Speaking from a snowy Cedar City in Utah, The Killers' drummer Ronnie Vanucci says he's been enjoying a rare but short break from relentless touring.

He's headed back to the band's home town of Las Vegas but says he has hardly been there over the past 12 months after recording and releasing the band's second album, Sam's Town.

After forming in 2002 the The Killers launched themselves onto the international music scene with their addictive style of rock and pop, producing instantly recognisable hits such as Mr Brightside and Somebody Told Me.

The Killers are one of the headline acts at The Big Day Out on Friday, January 19.

Vanucci says it was Europe where the music was played heavily on non-commercial radio stations that initially put them on the map and they have remained popular there ever since.

"Europe has always been a sort of slow burn for us," he says. "I think the first time we went to the UK we had songs played on satellite radio ... the first visit over there we did a week of touring and played four or five gigs and after that I think we realised that something was going to happen."

Vanucci says the band didn't even have a record deal then, but it didn't take long for offers to come in from British-based record labels.

The debut album Hot Fuss (2004) sold in its millions and when Sam's Town came out this year it more or less delivered on hopes it would be just as good.

Another clutch of pop/rock gems including the title track and When You Were Young are now cementing The Killers as one of the most popular bands around.

The band, which includes singer Brandon Flowers, guitarist Dave Keuning and bass player Mark Stoermer, had not long finished touring on the back of Hot Fuss when they hit the recording studio again in February and started over again.

"It's been pretty full on.
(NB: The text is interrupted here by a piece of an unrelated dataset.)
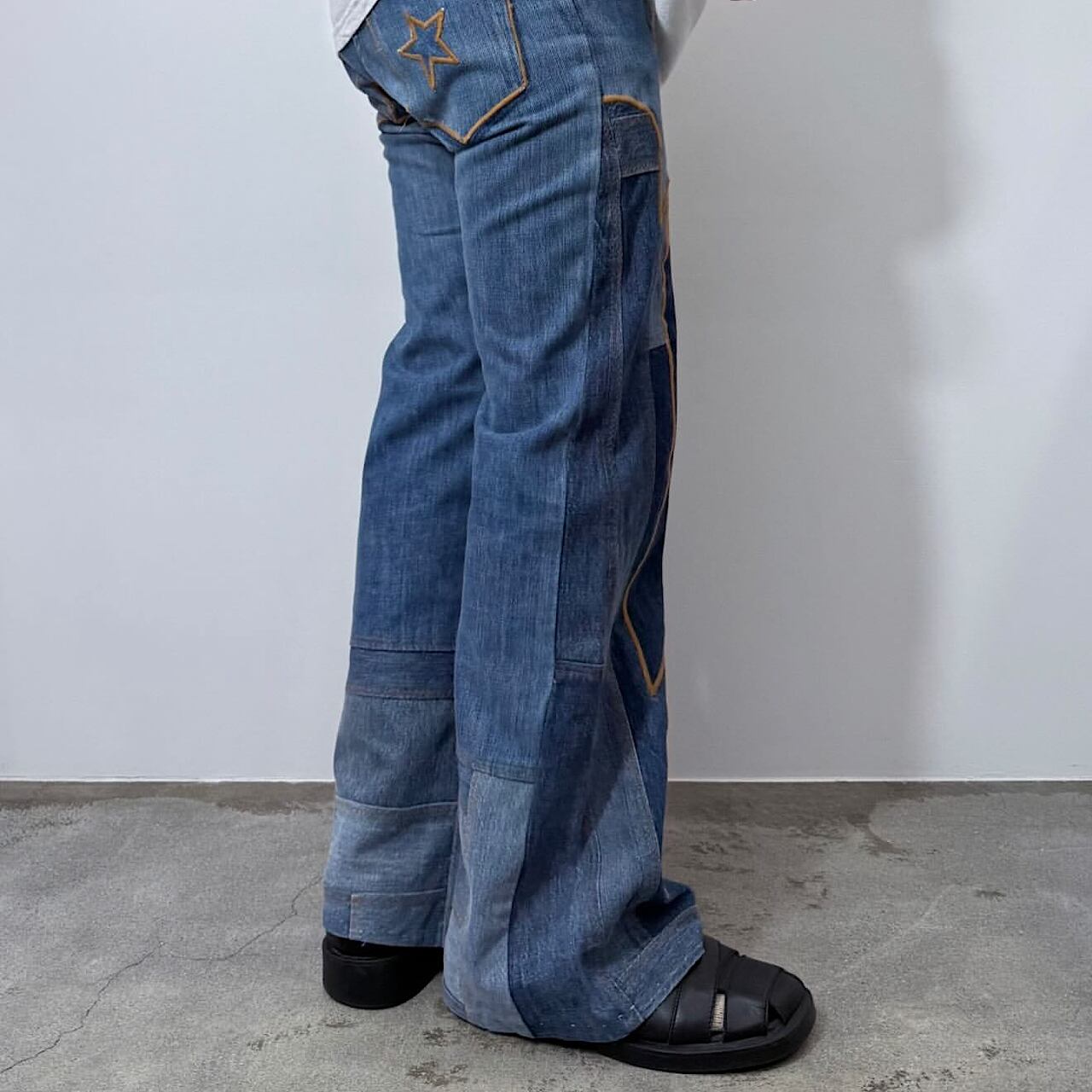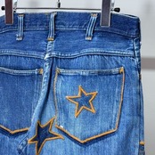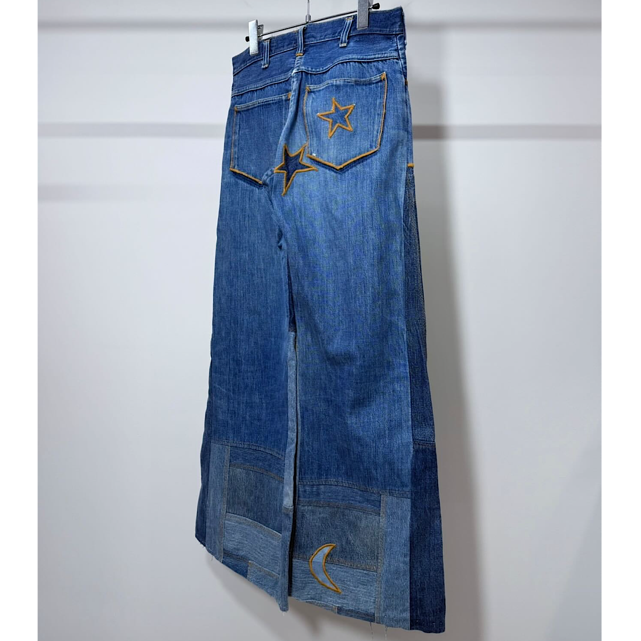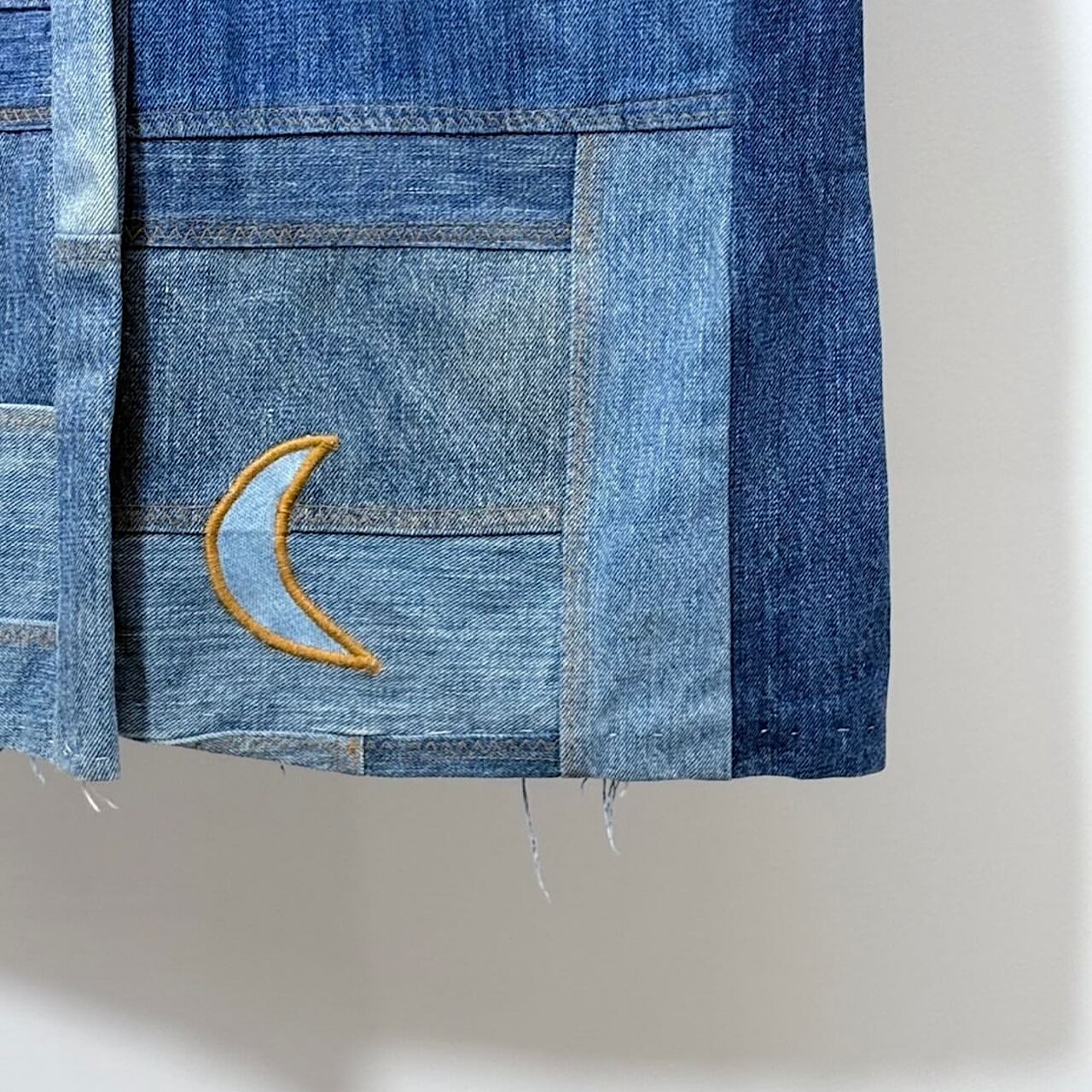 生地を縫い合わせて星や月などのパッチが付いていて全体的なステッチの色も統一されているのでガチャガチャしすぎない良いリメイクのバランスなのも良いです。

We made the record and just continued with touring," Vanucci says.

The bulk of the shows were in Europe, where fans were pleased to have them back, but there were also plenty of shows in their home country.

Las Vegas is famous around the world for several reasons, but music is not one of them.

It may be the reason The Killers and the casino capital of the world are often mentioned in the same breath, but Vanucci says it's an ever changing city and things are likely to change.

A relatively new Las Vegas band called Panic! at the Disco? have also started making waves.

"Other than that it doesn't have much music history," Vanucci says. "But it's becoming a bigger city ... it's growing, and obviously with more people and more call for entertainment something has to give."

Having never been to New Zealand hasn't stopped The Killers landing one of the main slots at the Big Day Out in Auckland on January 19 and it's a trip they are looking forward to.

It's a tour that's regarded highly by northern hemisphere bands and they generally have plenty of fun in between playing to tens of thousands of people in the often stifling heat of Auckland and Australia's five main centres.

Vanucci says he had a friend who lived in Christchurch as part of a high school exchange and the pictures he had seen were the only indication as to what it was like.

"I'm actually really anxious to get to New Zealand," he says.

The Vegas boys won't get much of a chance to look around though, with just one day in between the next Big Day Out on Australia's Gold Coast.

Vanucci says the schedule is not likely to get much lighter further into the new year.

It means taking the time to lay the foundations for a new album could still be a way off.

"I think there is a lot of touring planned for 2007 and I think 2008 might be a realistic time to get into a third record," Vanucci says.